TASK:
Word for word, give the data again without its pictures.

◇ ◇ ◇ ◇ ◇ ◇ ◇

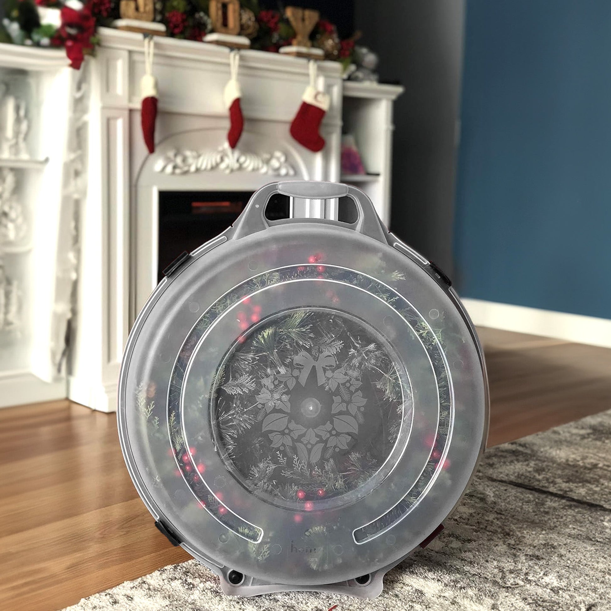 The holiday wreath storage containers are perfect for any winter or autumn wreaths up to 24 inches in diameter. The storage box will keep your holiday wreaths looking as good as new year after year, making them ideal for all seasons. With a see-through front lid, you can easily identify what's stored inside for a quick find of your decorations, while a built-in handle makes it easy to grab from out of the basement, attic, or shed.
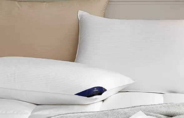 ►该品牌枕头延续酒店寝具的基础风格,枕形多为茧型或常规平面款,能基本贴合头部轮廓,部分款式采用中空纤维填充,兼顾一定的蓬松度与柔软度。
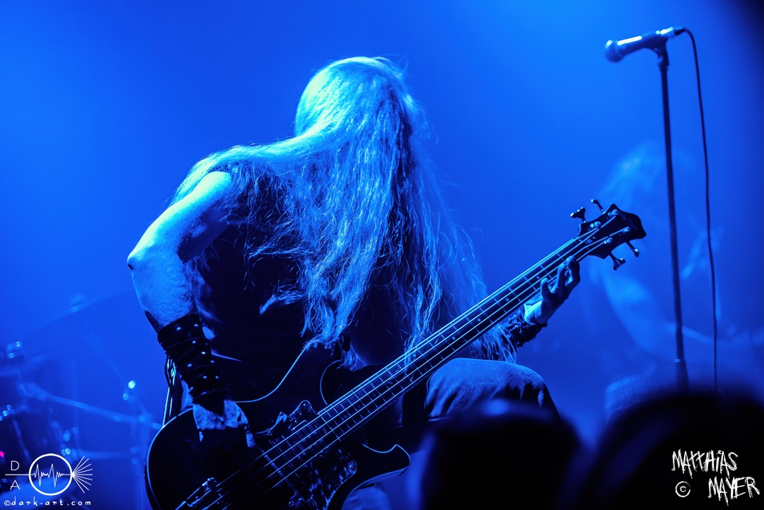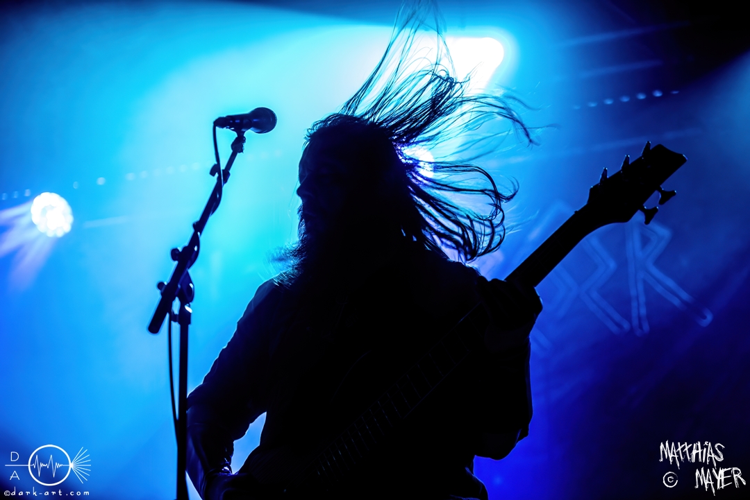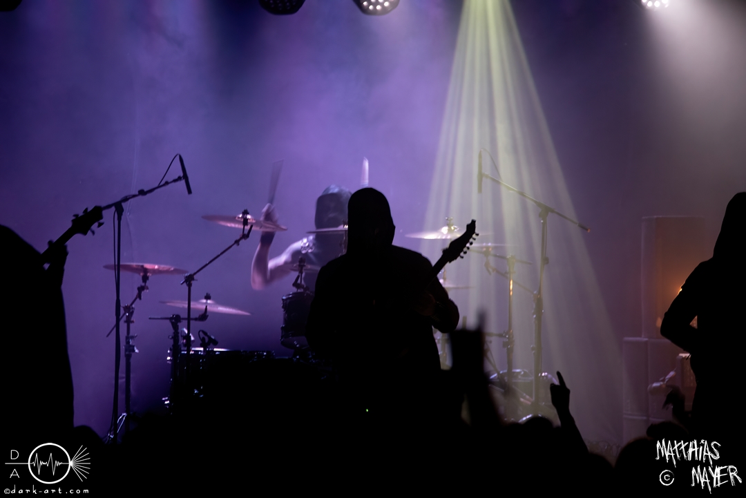 Mit Sulphur Aeon driften wir langsam in den Cosmik-Horror von Lovecraft und seinem Zirkel ab. Das Opening trifft wie ein Donnerschlag die Arena. Mit einer wahrlich tragenden Stimme und fast erdrückender Instrumentalarbeit reißt uns die Band tief hinab in die Unterseestadt Ryleigh, nur unterbrochen von den gelegentlichen, hohen Gesangsparts. Der Stimme folgend schraubt sich die Melodie im Lauf des Auftritts wieder und wieder in die Höhe, wie ein Schwarm schwarzer Krähen auf ihrem Weg in den unendlichen Kosmos. Die Zuhörer quittieren diese Entwicklung mit fliegenden Haarmähnen, Vogelschwingen gleich, immer wieder auf und ab. Mein persönliches Highlight sind aber die wahrlich bösartigen Ansagen des Frontmanns M., welche mir wieder und wieder Gänsehaut beschert haben.
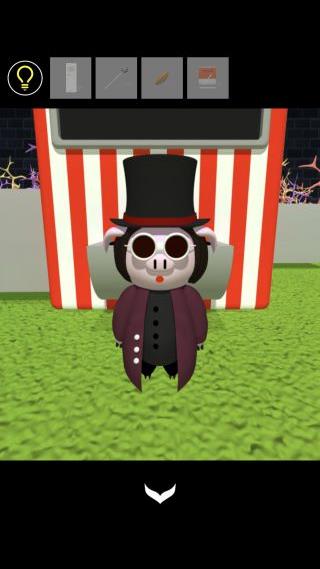 左奥のブタの前へ。
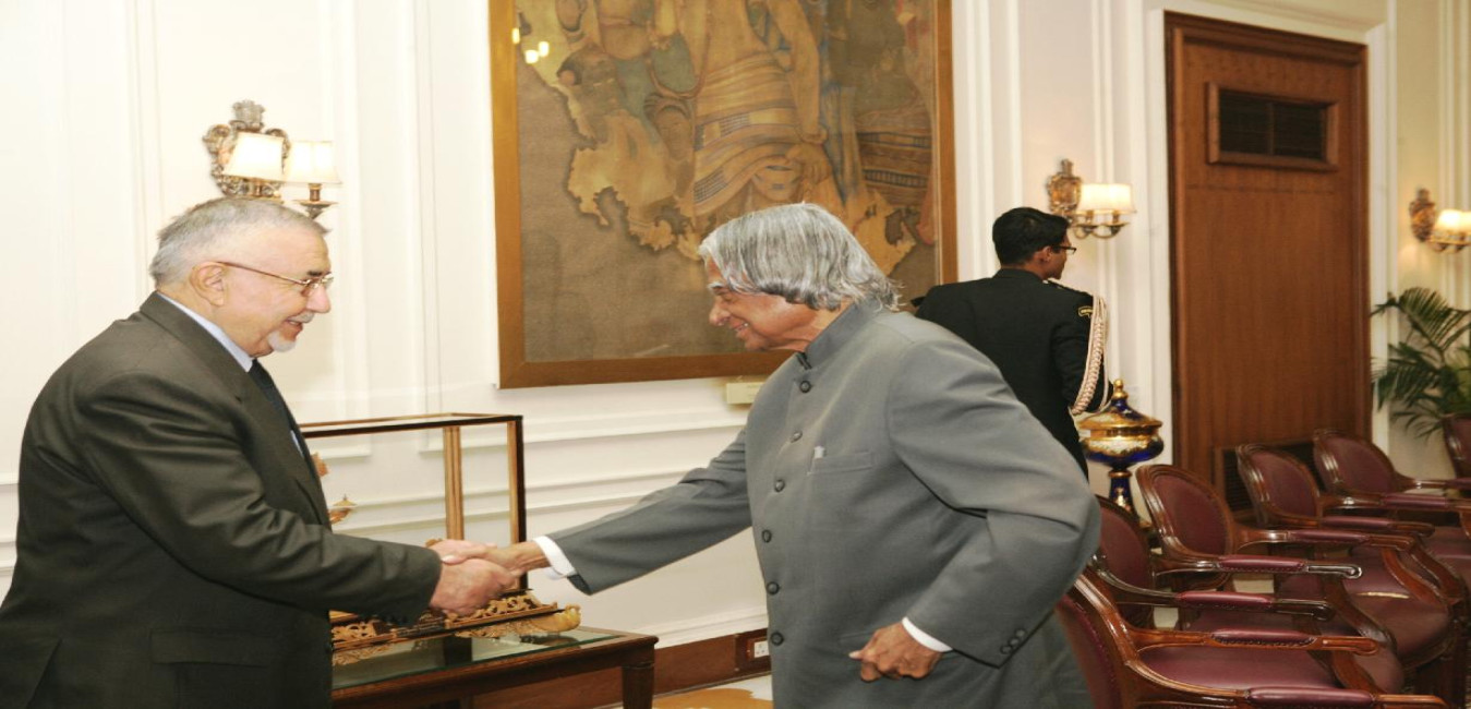 The King of Jordan, His Majesty King Abdullah II Bin Al-Hussein and Her Majesty Queen Rania Al Abdullah calling on the President of India, Dr A P J Abdul Kalam at the North Drawing Room of Rashtrapati Bhavan in New Delhi on Dec 01, 2006

◇ ◇ ◇ ◇ ◇ ◇ ◇

WRITTEN SOLUTION:
 The holiday wreath storage containers are perfect for any winter or autumn wreaths up to 24 inches in diameter. The storage box will keep your holiday wreaths looking as good as new year after year, making them ideal for all seasons. With a see-through front lid, you can easily identify what's stored inside for a quick find of your decorations, while a built-in handle makes it easy to grab from out of the basement, attic, or shed.
 ►该品牌枕头延续酒店寝具的基础风格,枕形多为茧型或常规平面款,能基本贴合头部轮廓,部分款式采用中空纤维填充,兼顾一定的蓬松度与柔软度。
 Mit Sulphur Aeon driften wir langsam in den Cosmik-Horror von Lovecraft und seinem Zirkel ab. Das Opening trifft wie ein Donnerschlag die Arena. Mit einer wahrlich tragenden Stimme und fast erdrückender Instrumentalarbeit reißt uns die Band tief hinab in die Unterseestadt Ryleigh, nur unterbrochen von den gelegentlichen, hohen Gesangsparts. Der Stimme folgend schraubt sich die Melodie im Lauf des Auftritts wieder und wieder in die Höhe, wie ein Schwarm schwarzer Krähen auf ihrem Weg in den unendlichen Kosmos. Die Zuhörer quittieren diese Entwicklung mit fliegenden Haarmähnen, Vogelschwingen gleich, immer wieder auf und ab. Mein persönliches Highlight sind aber die wahrlich bösartigen Ansagen des Frontmanns M., welche mir wieder und wieder Gänsehaut beschert haben.
 左奥のブタの前へ。
 The King of Jordan, His Majesty King Abdullah II Bin Al-Hussein and Her Majesty Queen Rania Al Abdullah calling on the President of India, Dr A P J Abdul Kalam at the North Drawing Room of Rashtrapati Bhavan in New Delhi on Dec 01, 2006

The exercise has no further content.